Segundo o Estatuto e Regimento interno da CNBB, que rege o processo eleitoral, dom Gilberto Pastana está entre o número de prelados com direito a voto e que pode ser votado para as funções/serviços no pleito da Assembleia.


Funções/serviços à CNBB


Serão eleitos 4 membros da Presidência; 12 presidentes das Comissões Episcopais permanentes; 2 representantes da CNBB no Conselho Episcopal Latino-Americano (Celam), um titular e suplente; e 2 bispos que participarão do processo do Sínodo sobre a Sinodalidade, em Roma.


Como acontece a eleição?


As escolhas para as funções - feitas por voto secreto - devem acontecer na segunda semana da Assembleia, após o retiro dos epíscopos, em até três escrutínios para cada cargo, contabilizando até 60 votações durante o processo eleitoral.


Segundo o Estatuto Canônico da CNBB, artigo nº 28, as votações acontecem de forma separada, sendo considerado eleito o bispo que atingir a maioria de 2/3 dos votos no primeiro ou no segundo escrutínio.

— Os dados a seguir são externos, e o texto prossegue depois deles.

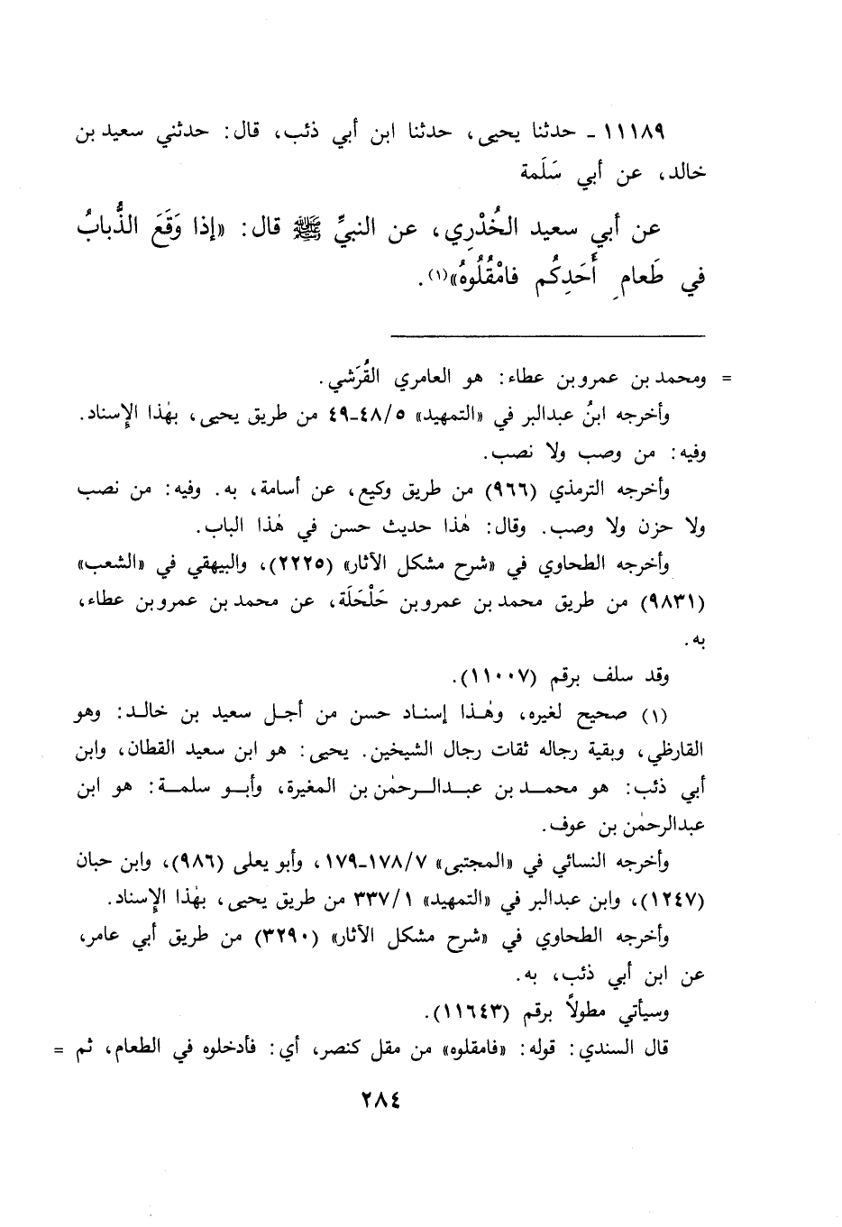١١١٨٩ - حَدَّثَنَا يَحْيَى، حَدَّثَنَا ابْنُ أَبِي ذِئْبٍ، قَالَ: حَدَّثَنِي سَعِيدُ بْنُ خَالِدٍ، عَنْ أَبِي سَلَمَةَ، عَنْ أَبِي سَعِيدٍ الْخُدْرِيِّ، عَنِ النَّبِيِّ صَلَّى اللهُ عَلَيْهِ وَسَلَّمَ قَالَ: " إِذَا وَقَعَ الذُّبَابُ فِي طَعَامِ أَحَدِكُمْ فَامْقُلُوهُ " (١)

Assim, caso o mais votado não alcance o número necessário nas duas primeiras votações, um terceiro escrutínio é realizado, apenas entre os dois candidatos mais votados no segundo escrutínio, sendo eleito o que obtiver a maioria absoluta.


Caso haja empate, é considerado eleito o bispo com mais tempo de ordenação episcopal.